SCIENCE JOURNAL
By SHARON BEGLEY

Old Brains Don't Work
That Badly After All,
Especially Trained Ones
March 3, 2006; Page B1

Maybe I'm guilty of wishful thinking, but more and more research seems to be pointing to a rare bit of good news about aging: Old brains have gotten a bum rap.

Yes, some of the downbeat findings have stood the test of time. Older brains do process information more slowly, probably starting in middle age. As a result, they take a bit longer to make decisions or judgments, and to assimilate complex information.

Older brains are less nimble, too, taking longer to switch from one task to another. Since in "multitasking" you are actually switching among tasks -- from driving to chatting to checking the tailgater -- in split-second jumps, loss of agility means old brains don't handle simultaneous tasks as well.

But as scientists reassess old results, even findings that have achieved iconic status are being questioned. For one thing, neurons don't abandon ship. "It used to be thought that normal cognitive decline occurred because of loss of neurons throughout the brain," says Marilyn Albert of Johns Hopkins School of Medicine. But new techniques show that most regions hold on to their neurons (and even 70-year-olds produce new neurons), with little to no loss in the hippocampus, where memories form, or the frontal cortex, site of such executive functions as planning and judgment.

One problem with studies comparing old and young brains is that old brains are different not only because they have been around longer. The lives their owners lead are different. The elderly tend to have fewer new experiences, be less physically active and socially engaged, and live in less complex environments. All of these impair the production of new neurons and the maintenance of neural circuitry.

"The trouble with retirement is, there are not a lot of social or intellectual demands," says research psychologist Denise Park of the University of Illinois at Urbana-Champaign. "Life becomes routinized," a recipe for cognitive decline. Some of the decline attributed to aging may therefore reflect not aging per se but factors much more within people's control.

Such as? Consider a recent study of short-term memory. Scientists had two groups of volunteers, one 19 years old to 30 and the other 60 to 77, look at pictures of faces and of the outdoors. Soon after, the volunteers saw more pictures and decided if they had seen them before.

The younger brains, as a group, had better recall. More telling, their activity differed. Shown a face, there was higher activity in the "face-seeing" area and little in the "place" area. Shown a scene, the pattern of high and low activity switched. Most of the older brains, though, showed activity in both regions when trying to recall either a face or a scene, suggesting difficulty repressing distractions.
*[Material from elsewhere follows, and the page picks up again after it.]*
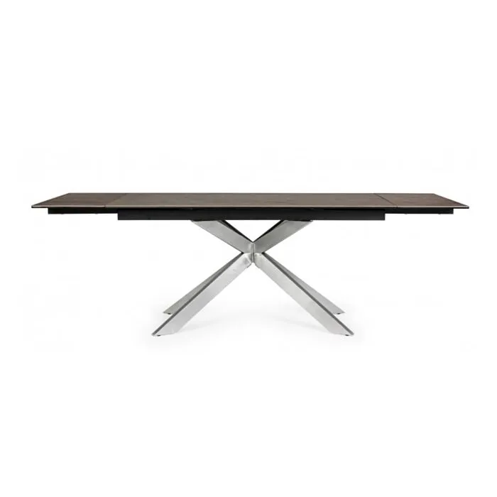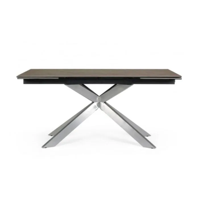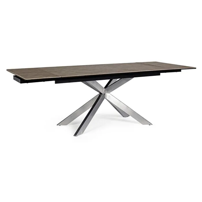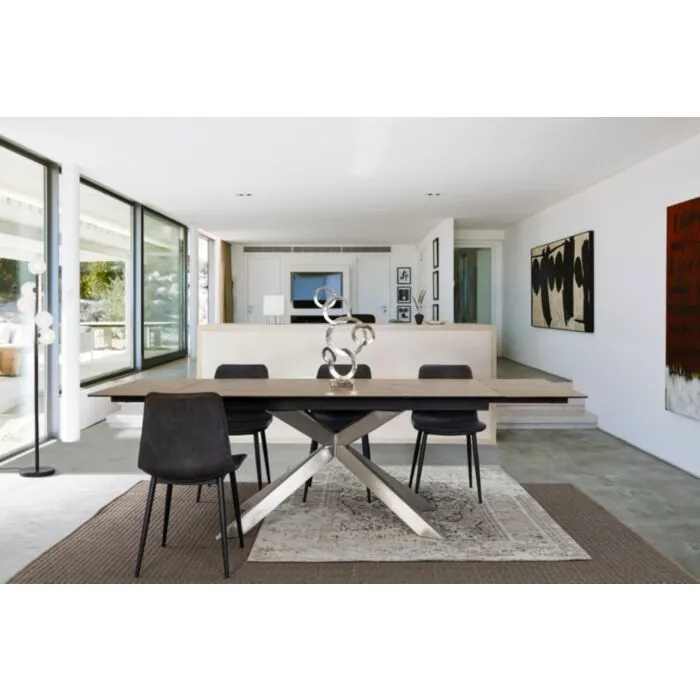 Raztegljiva jedilna miza ARZACHEL je sestavljena iz nerjaveče jeklene konstrukcije. Mizna plošča je iz keramike 5mm ter iz kaljenega stekla 8mm. Miza je modernega dizajna ter kvalitetna in stabilna.

"It suggests they were not filtering out irrelevant information," says neurologist Adam Gazzaley of the University of California, San Francisco, who led the 2005 study, published in Nature Neuroscience.

But one-third of the older volunteers did just as well as the younger adults and, intriguingly, showed the same pattern of focused brain activity. Apparently, trouble inhibiting irrelevant information and blocking distractions, which impairs short-term memory and reasoning, is not as inevitable as had been thought.

What makes these older brains look young? One possibility is training. Attention and focus are top-down functions, in that the prefrontal cortex orders regions that see or hear to pay attention to important stuff and ignore the rest. Top-down activity seems to be among the most trainable mental functions.

A basic change the brain undergoes with age may also be reversible with training. Older brains often use both the left and right half of a region for something young brains do with only one side. Sometimes that improves performance. Older adults who activate both the left and right prefrontal regions, which are involved in memory, have pretty good short-term memory, says Illinois' Kirk Erickson. The reason may be that two-sided activation of the prefrontal regions compensates for deficits in the hippocampus. In contrast, on tasks such as judgment, decision-making, concentration and multitasking, two-sided activation seems to impair performance, as if the brain is too scattered.

Yet in a study published online last month in Neurobiology of Aging, Dr. Erickson and Illinois' Arthur Kramer found that old brains can be trained to act like young ones.

The scientists had volunteers watch a computer screen and press a button when certain targets appeared. That required focus and decision-making. At first, the brains of older adults (age 55 to 80) had the characteristic two-sided activation and made more mistakes than young brains. But after five hours of practicing and receiving feedback, the older brains got better -- and showed one-sided activity, like the young.

"This suggests that the brains of older adults remain relatively flexible, able to alter brain circuits in response to training," says Dr. Erickson.

Yes, brains age. But their ability to remake themselves and respond to training is undeniable.